[Opening STORED DATA section]

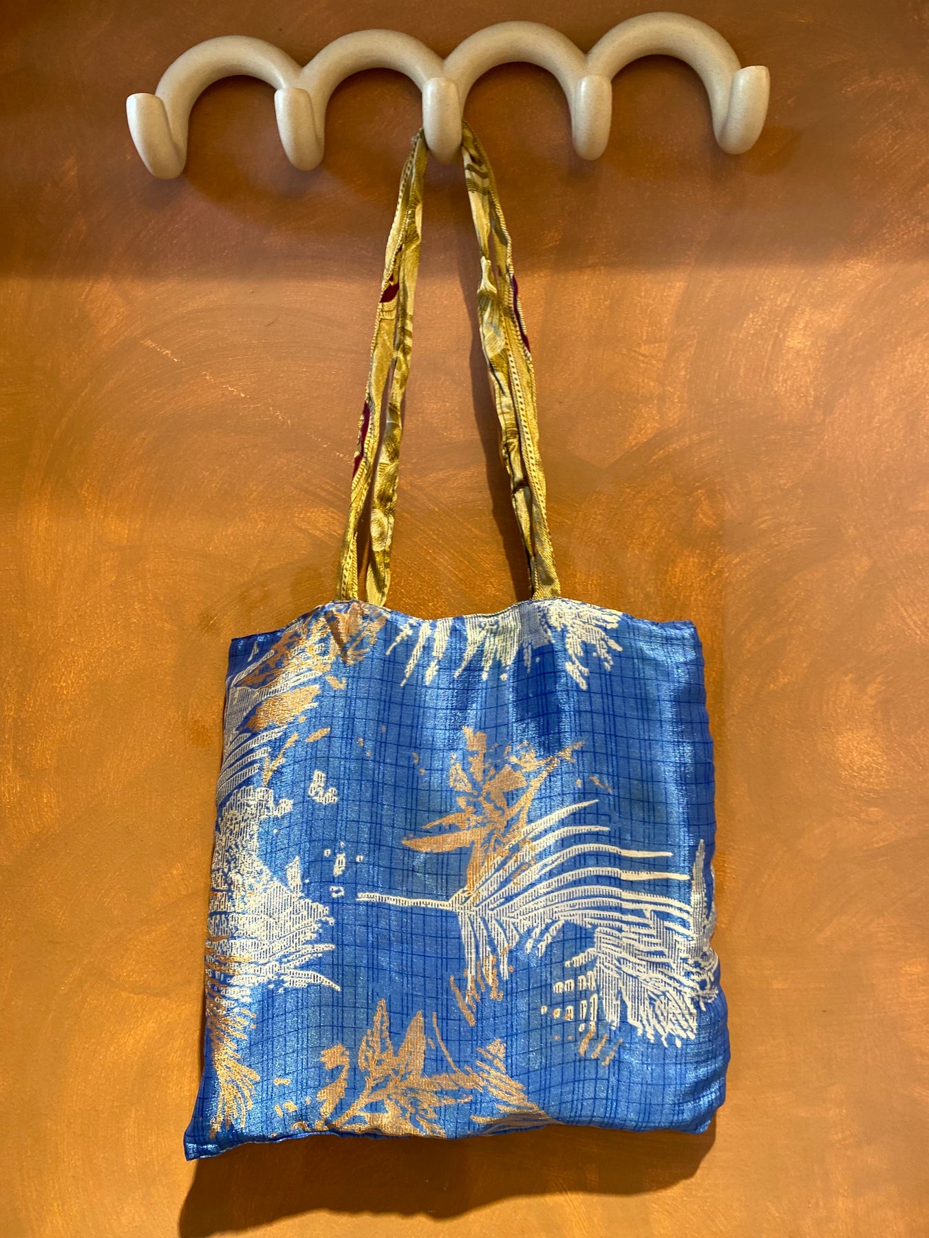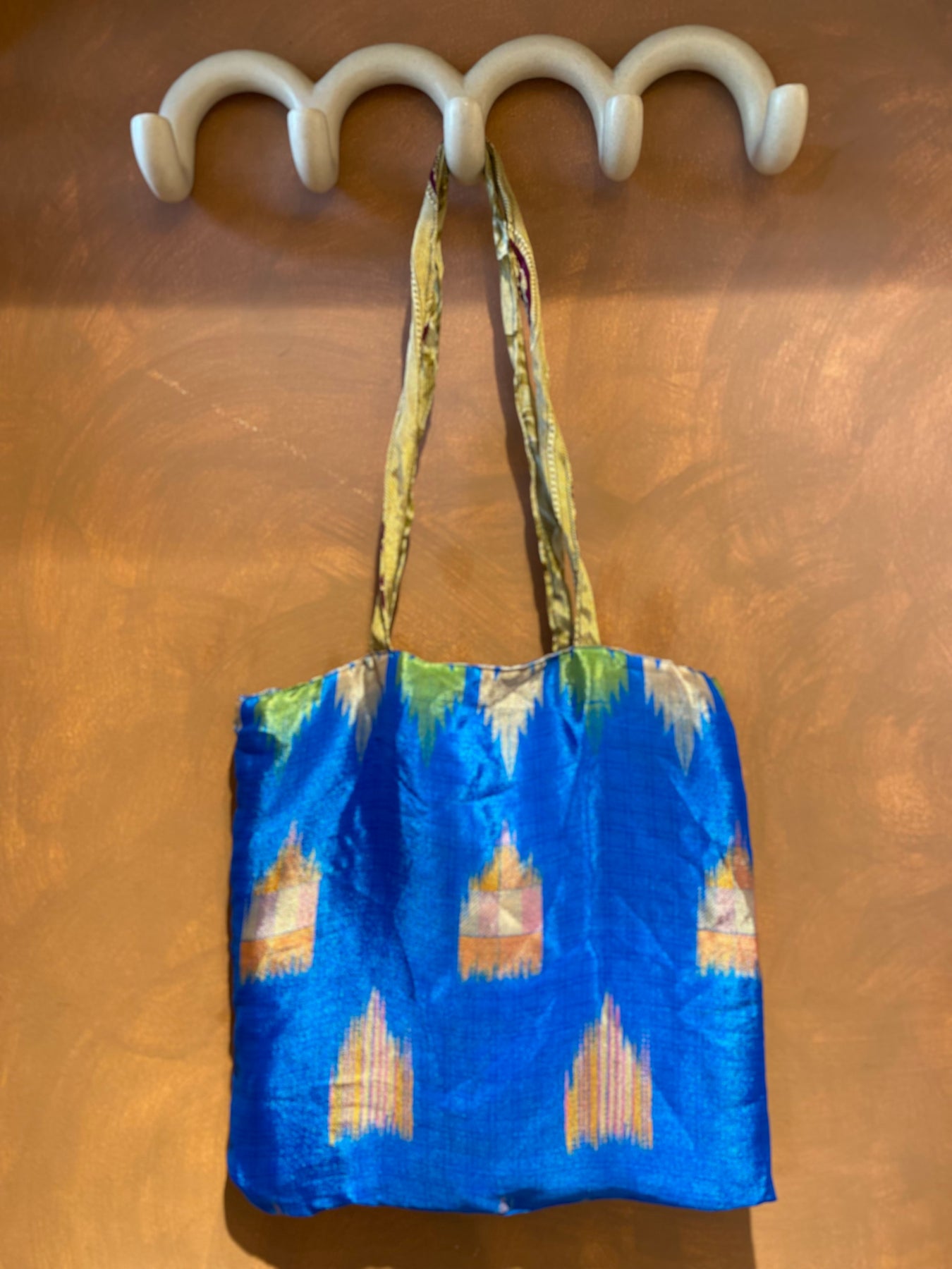 Our reversible silk bag are made with colorful patterns in 100 % silk. Each piece is unique and handcrafted with recycled silks.
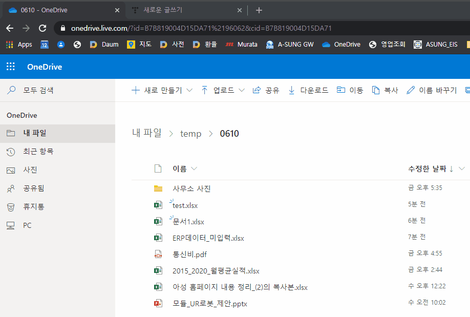 위에서 업무용 파일이 실시간 저장되는 것처럼, 이동시킬 파일을 원드라이브 폴더에 집어넣으면, 다른 어느 기기에서나 다운로드 할 수 있다.
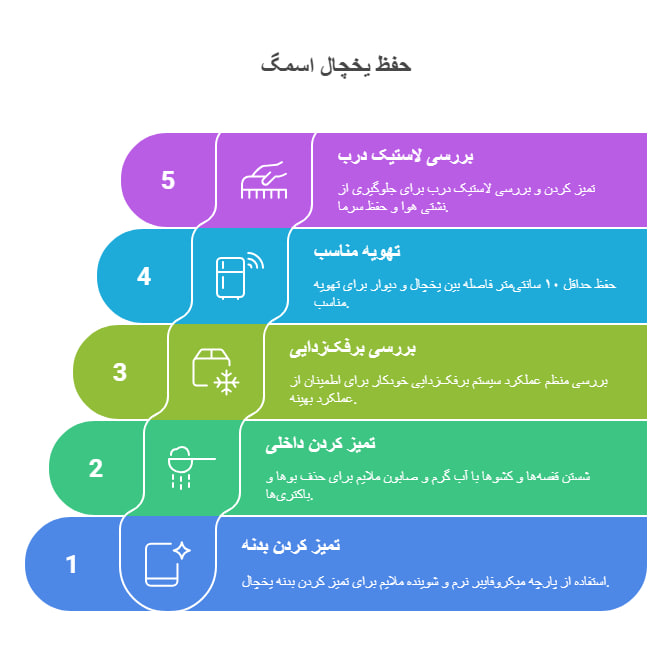 رعایت این نکات ساده باعث می‌شود یخچال اسمگ شما سال‌ها با کارایی بالا و ظاهری درخشان همراه باشد و از هزینه‌های اضافی تعمیر و نگهداری جلوگیری شود.
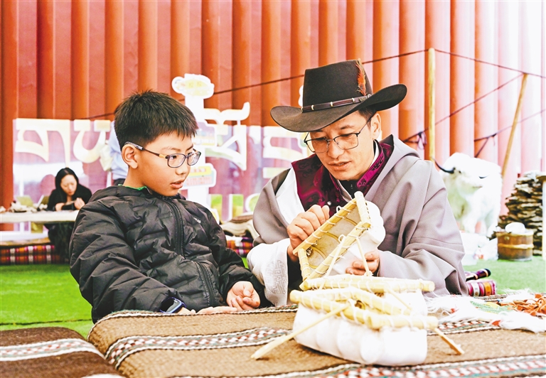 西藏牦牛博物館將牧區(qū)生活“搬”進展廳。黑帳篷內(nèi)飄出酥油茶香,觀眾盤坐氈毯體驗手工磨制糌粑。牧民手把手教授牦牛毛編織技藝,讓觀眾親身體驗粗糙的牦牛毛在指尖捻轉(zhuǎn)成繩結(jié)。此外,雕版拓印和牛皮船制作體驗區(qū)也備受關注。非遺傳承人現(xiàn)場演示古老的雕版印刷技藝,游客親手拓印吉祥圖案,帶走獨特的文化記憶。牛皮船的制作展示則讓觀眾近距離了解這一傳統(tǒng)水上交通工具的制作工藝,深刻感受藏族人民的生存智慧。
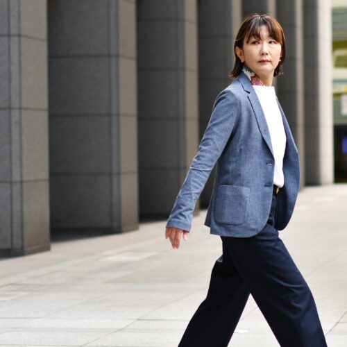 ネイビーパンツとのコーディネートでクリーンで凛とした雰囲気に。
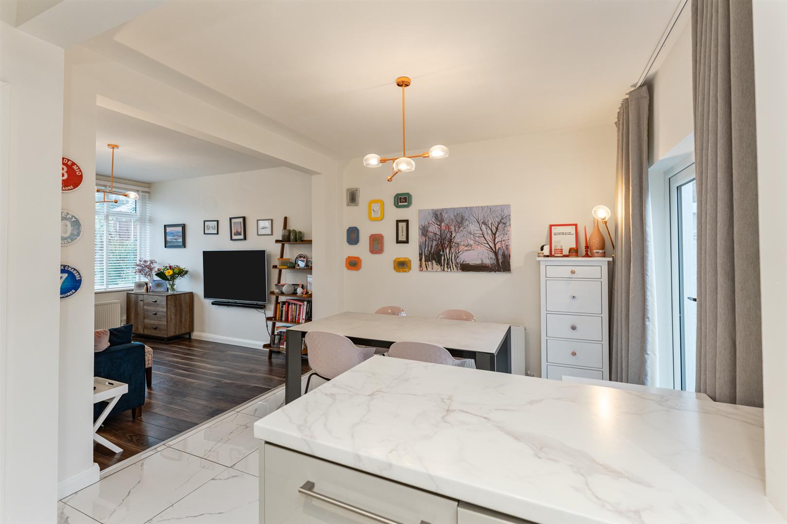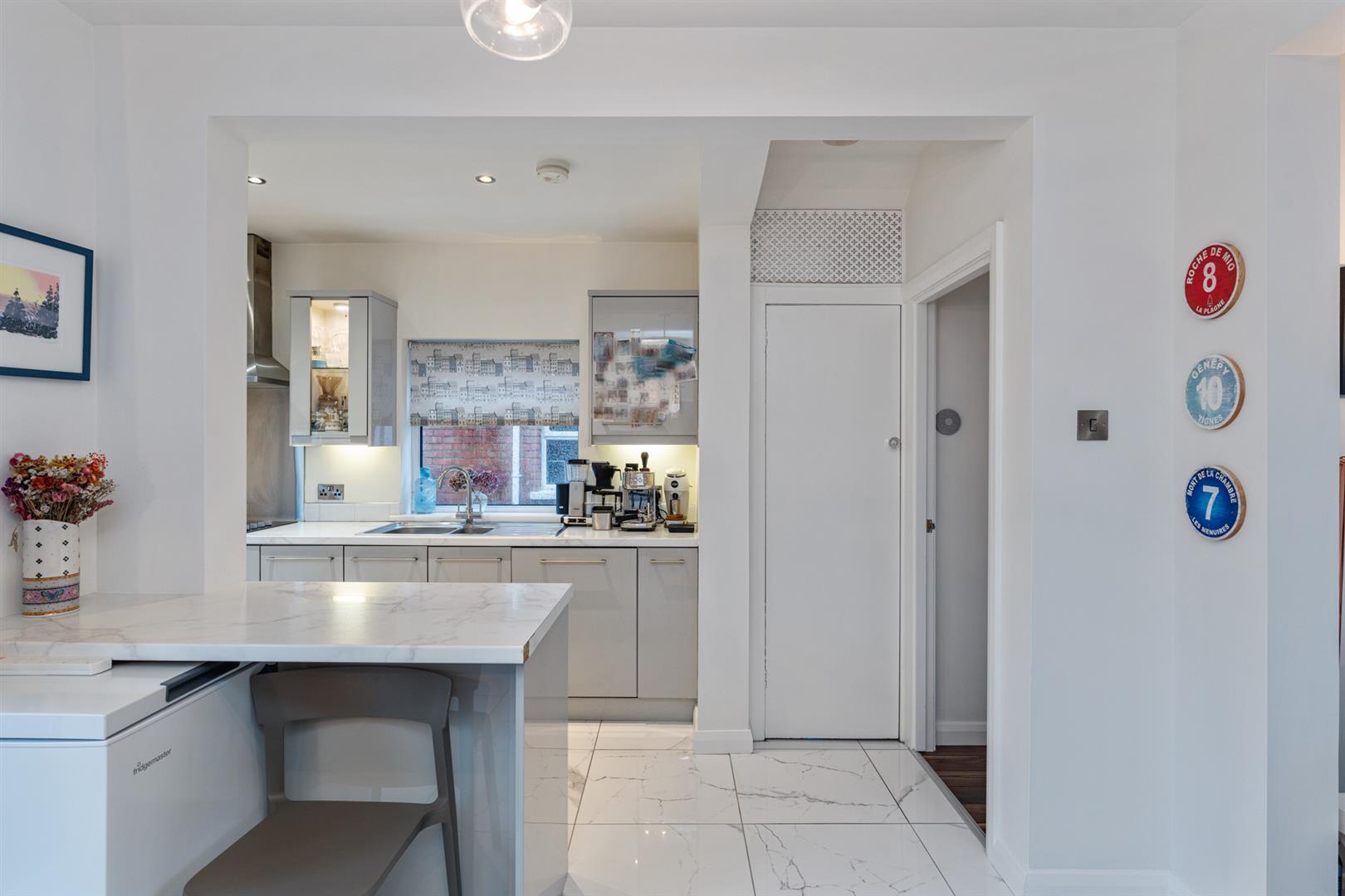 Walnut effect laminate flooring, Open plan to fitted kitchen.
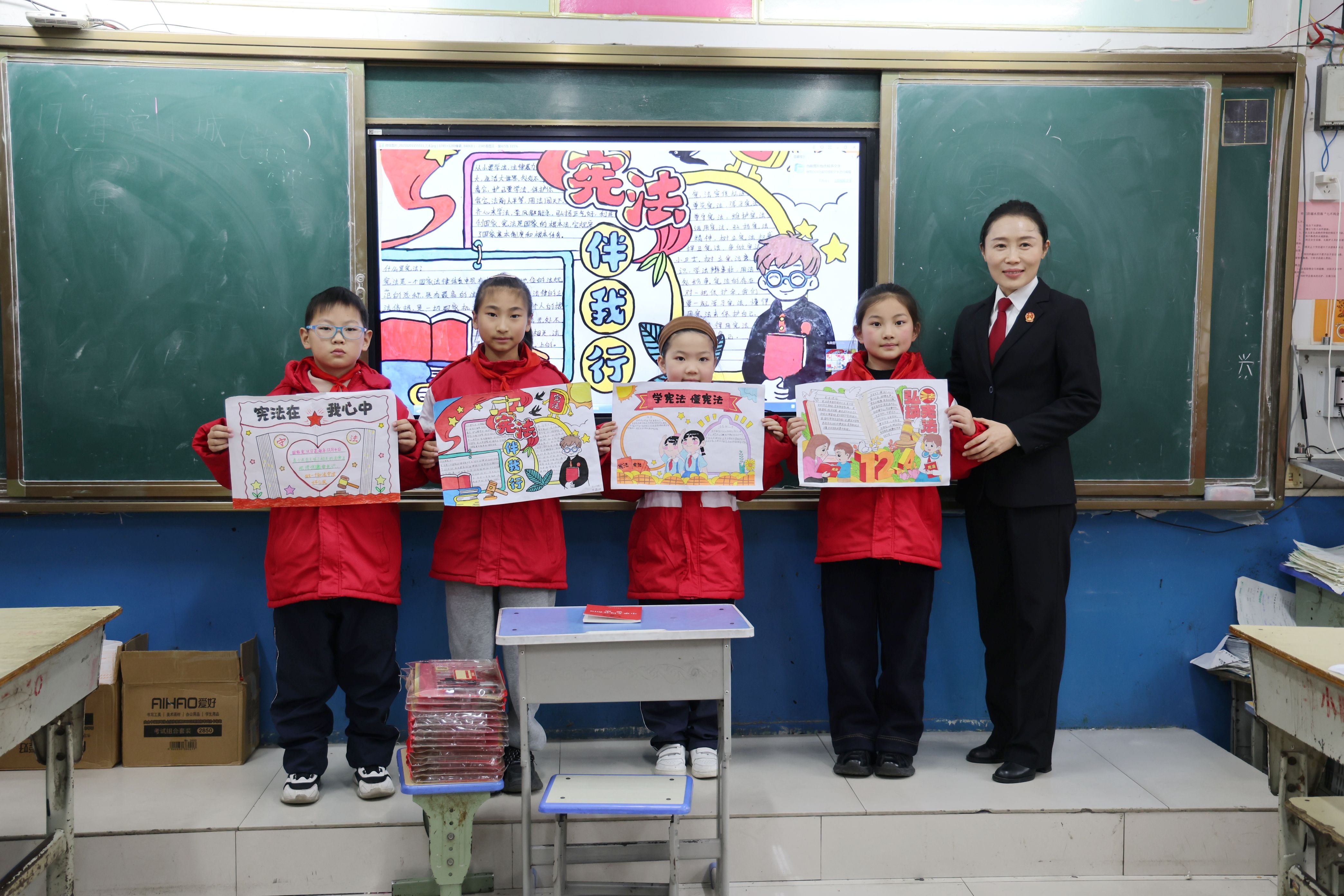 “你们知道我们国家的根本大法是什么吗?”“法官老师,我知道!是宪法!”课堂上,面对法官赵钦抛出的问题,同学们纷纷举起小手,一双双明亮的眼睛里满是求知的渴望。
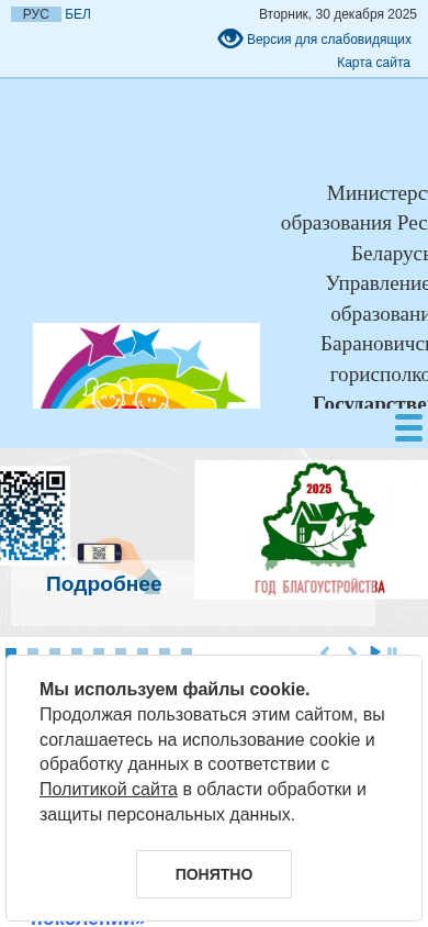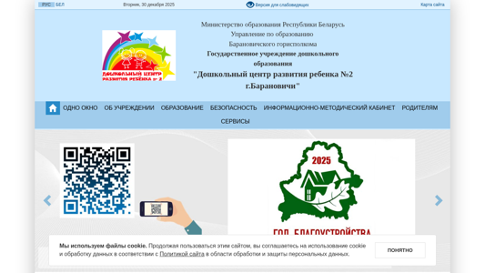 | AI-анализ | This website belongs to the state educational institution "Doškol'nyj centr rozvytki rebenka №2" (Children Development Center №2) located in Baranavichy, Belarus. The title of the website is "Дошкольный центр развития ребенка №2" (The Children Development Center №2). The description of the website mentions that it provides advice on various topics related to education and childcare. The top keywords include words related to education, group, saita (website), data, map, Baranavichy, dtsrr (Children Development Center), and advice. The website also appears to have a section for news and contacts. The website is operated by the Ministry of Education of the Republic of Belarus and the Baranavichy city executive committee. The website is accessible only with a single window and has information on the |
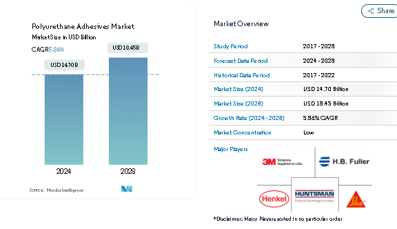The Polyurethane Adhesives Market Size was valued at USD 14.70 billion in 2024 and is projected to reach USD 18.45 billion by 2028, registering a steady growth rate during the forecast period.
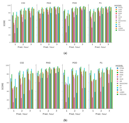 When modeled as a classification task, the models showed performance that is consistent over the prediction times of one, two, and three hours, as shown in Table 4, Table 5 and Table 6, respectively. As the prediction time is extended, the prediction of dissipation (occurrences) becomes more accurate. Another dimension along which improvement is achieved is the past time steps—more features resulted in better accuracy for all models. The accuracy was higher for three-hour features as compared with the one-hour ones. The performance of the models over the prediction periods was averaged and ranked. The rankings derived in this way demonstrate relative consistency when compared to the number of past time steps.
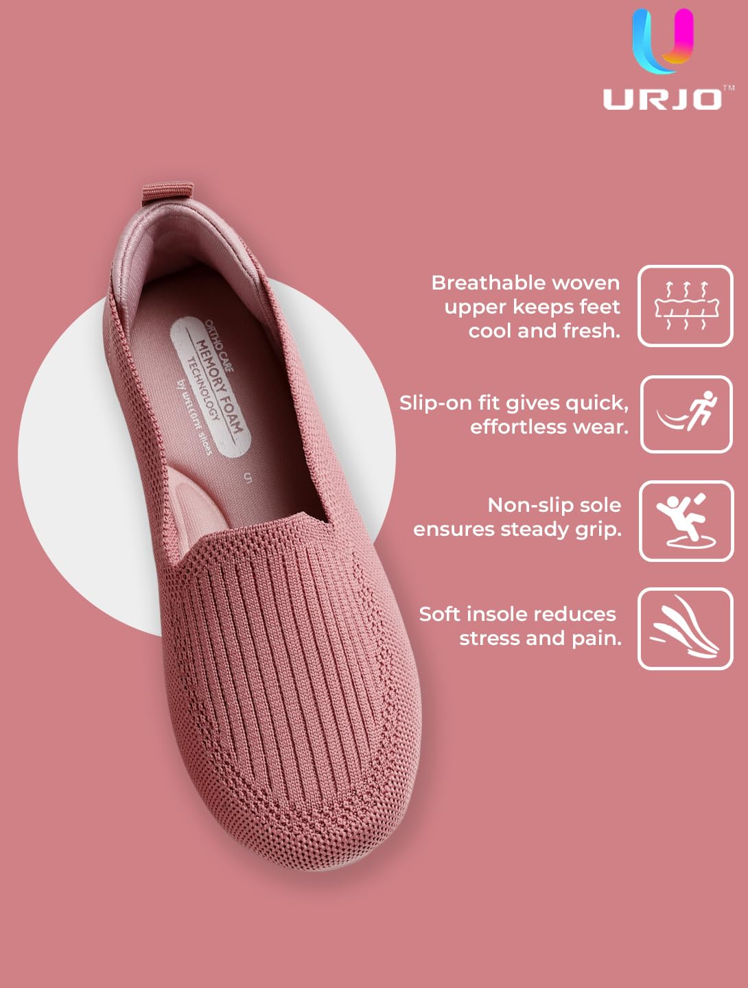 Introducing URJO with Ultimate Resilience – BOUNCE BACK technology. Say ‘hello’ to our new URJO rebound collection. The bounciest, springiest, most super – comfy all seasons soft fitting shoes that breathe. Design, Innovation & Engineering all come together to create this unique and incredible sports shoe. URJO sports shoe collection is soft, snug and strong. Special insoles with Bounce Back Technology make URJO an ultimate comfort shoe! URJO will delight you with every step you take. The concave – convex texture of URJO outsole increases the friction, keeps you safe on slippery roads and provides cushioning and bounce performance. URJO provides impact absorption, comfort and support while reducing fatigue and enhance recovery while walking. It is incredibly light & pillow soft, flexible, anti-skid, and equipped with healing and recovery features. URJO offers the product line where technology meets comfort & lifestyle. With that thought, and a passion for elegant design, artistic sensitivity, and the finest materials in mind, URJO have come up with sports shoes that symbolize fun and youthfulness. Cool, casual and colorful while still being classy, they’re the best companion for a long morning walk, a fun stroll in the mall, or you can just hang out in them all day. Technically advanced, good looking and fun to be with – URJO strives to be like the youth of today. URJO is the most comfortable -all day -any day -anywhere wear product. Re Charge your feet with URJO

[Closing STORED DATA section]

Start at the top line above and repeat the records verbatim, leaving images out.

TASK SOLUTION:
 Our reversible silk bag are made with colorful patterns in 100 % silk. Each piece is unique and handcrafted with recycled silks.
 위에서 업무용 파일이 실시간 저장되는 것처럼, 이동시킬 파일을 원드라이브 폴더에 집어넣으면, 다른 어느 기기에서나 다운로드 할 수 있다.
 رعایت این نکات ساده باعث می‌شود یخچال اسمگ شما سال‌ها با کارایی بالا و ظاهری درخشان همراه باشد و از هزینه‌های اضافی تعمیر و نگهداری جلوگیری شود.
 西藏牦牛博物館將牧區(qū)生活“搬”進展廳。黑帳篷內(nèi)飄出酥油茶香,觀眾盤坐氈毯體驗手工磨制糌粑。牧民手把手教授牦牛毛編織技藝,讓觀眾親身體驗粗糙的牦牛毛在指尖捻轉(zhuǎn)成繩結(jié)。此外,雕版拓印和牛皮船制作體驗區(qū)也備受關注。非遺傳承人現(xiàn)場演示古老的雕版印刷技藝,游客親手拓印吉祥圖案,帶走獨特的文化記憶。牛皮船的制作展示則讓觀眾近距離了解這一傳統(tǒng)水上交通工具的制作工藝,深刻感受藏族人民的生存智慧。
 ネイビーパンツとのコーディネートでクリーンで凛とした雰囲気に。
 Walnut effect laminate flooring, Open plan to fitted kitchen.
 “你们知道我们国家的根本大法是什么吗?”“法官老师,我知道!是宪法!”课堂上,面对法官赵钦抛出的问题,同学们纷纷举起小手,一双双明亮的眼睛里满是求知的渴望。
 | AI-анализ | This website belongs to the state educational institution "Doškol'nyj centr rozvytki rebenka №2" (Children Development Center №2) located in Baranavichy, Belarus. The title of the website is "Дошкольный центр развития ребенка №2" (The Children Development Center №2). The description of the website mentions that it provides advice on various topics related to education and childcare. The top keywords include words related to education, group, saita (website), data, map, Baranavichy, dtsrr (Children Development Center), and advice. The website also appears to have a section for news and contacts. The website is operated by the Ministry of Education of the Republic of Belarus and the Baranavichy city executive committee. The website is accessible only with a single window and has information on the |
The Polyurethane Adhesives Market Size was valued at USD 14.70 billion in 2024 and is projected to reach USD 18.45 billion by 2028, registering a steady growth rate during the forecast period.
 When modeled as a classification task, the models showed performance that is consistent over the prediction times of one, two, and three hours, as shown in Table 4, Table 5 and Table 6, respectively. As the prediction time is extended, the prediction of dissipation (occurrences) becomes more accurate. Another dimension along which improvement is achieved is the past time steps—more features resulted in better accuracy for all models. The accuracy was higher for three-hour features as compared with the one-hour ones. The performance of the models over the prediction periods was averaged and ranked. The rankings derived in this way demonstrate relative consistency when compared to the number of past time steps.
 Introducing URJO with Ultimate Resilience – BOUNCE BACK technology. Say ‘hello’ to our new URJO rebound collection. The bounciest, springiest, most super – comfy all seasons soft fitting shoes that breathe. Design, Innovation & Engineering all come together to create this unique and incredible sports shoe. URJO sports shoe collection is soft, snug and strong. Special insoles with Bounce Back Technology make URJO an ultimate comfort shoe! URJO will delight you with every step you take. The concave – convex texture of URJO outsole increases the friction, keeps you safe on slippery roads and provides cushioning and bounce performance. URJO provides impact absorption, comfort and support while reducing fatigue and enhance recovery while walking. It is incredibly light & pillow soft, flexible, anti-skid, and equipped with healing and recovery features. URJO offers the product line where technology meets comfort & lifestyle. With that thought, and a passion for elegant design, artistic sensitivity, and the finest materials in mind, URJO have come up with sports shoes that symbolize fun and youthfulness. Cool, casual and colorful while still being classy, they’re the best companion for a long morning walk, a fun stroll in the mall, or you can just hang out in them all day. Technically advanced, good looking and fun to be with – URJO strives to be like the youth of today. URJO is the most comfortable -all day -any day -anywhere wear product. Re Charge your feet with URJO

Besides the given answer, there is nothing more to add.